* **Provided records**:
▬▬▬▬▬▬

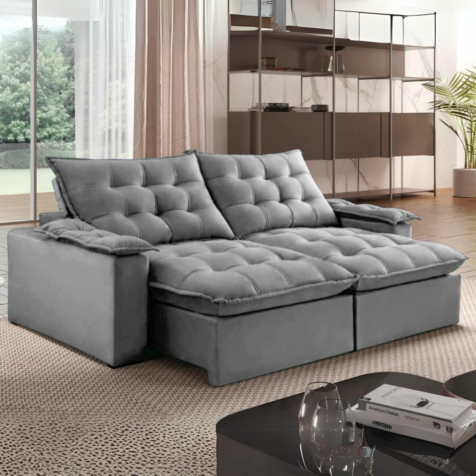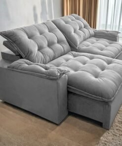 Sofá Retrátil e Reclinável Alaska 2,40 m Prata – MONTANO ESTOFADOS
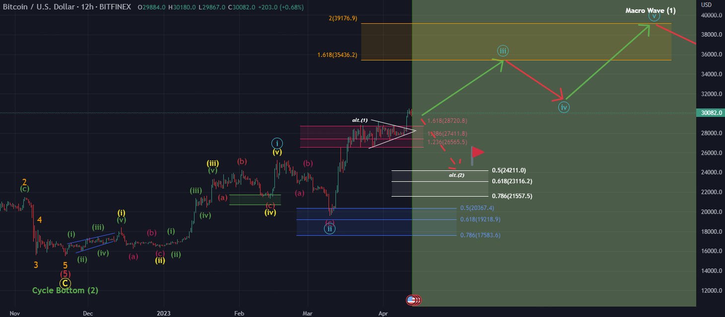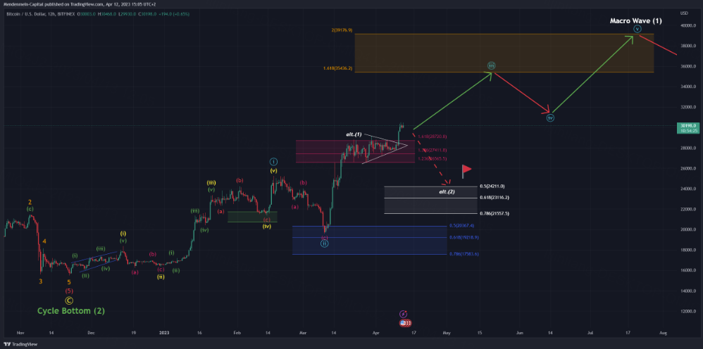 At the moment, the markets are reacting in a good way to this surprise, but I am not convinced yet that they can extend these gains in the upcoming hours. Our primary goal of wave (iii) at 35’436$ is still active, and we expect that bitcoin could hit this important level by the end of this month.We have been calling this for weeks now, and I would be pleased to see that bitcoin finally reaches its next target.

▬▬▬▬▬▬

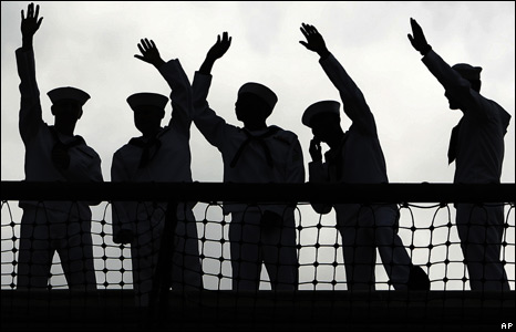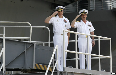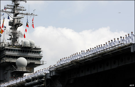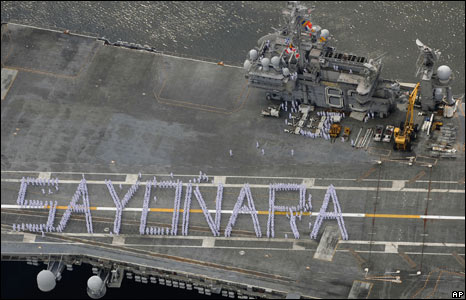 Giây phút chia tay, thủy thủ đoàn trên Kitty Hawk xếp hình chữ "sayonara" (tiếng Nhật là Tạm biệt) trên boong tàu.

▬▬▬▬▬▬

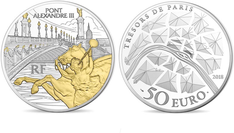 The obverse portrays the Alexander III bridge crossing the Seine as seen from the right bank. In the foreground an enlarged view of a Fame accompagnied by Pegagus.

▬▬▬▬▬▬

* **Exercise goal**:
Please output, exactly as written, the lines above from the one holding "Sofá Retrátil e" through the one holding "At the moment, the", both included, with the pictures omitted.

* **Result for this task**:
 Sofá Retrátil e Reclinável Alaska 2,40 m Prata – MONTANO ESTOFADOS
 At the moment, the markets are reacting in a good way to this surprise, but I am not convinced yet that they can extend these gains in the upcoming hours. Our primary goal of wave (iii) at 35’436$ is still active, and we expect that bitcoin could hit this important level by the end of this month.We have been calling this for weeks now, and I would be pleased to see that bitcoin finally reaches its next target.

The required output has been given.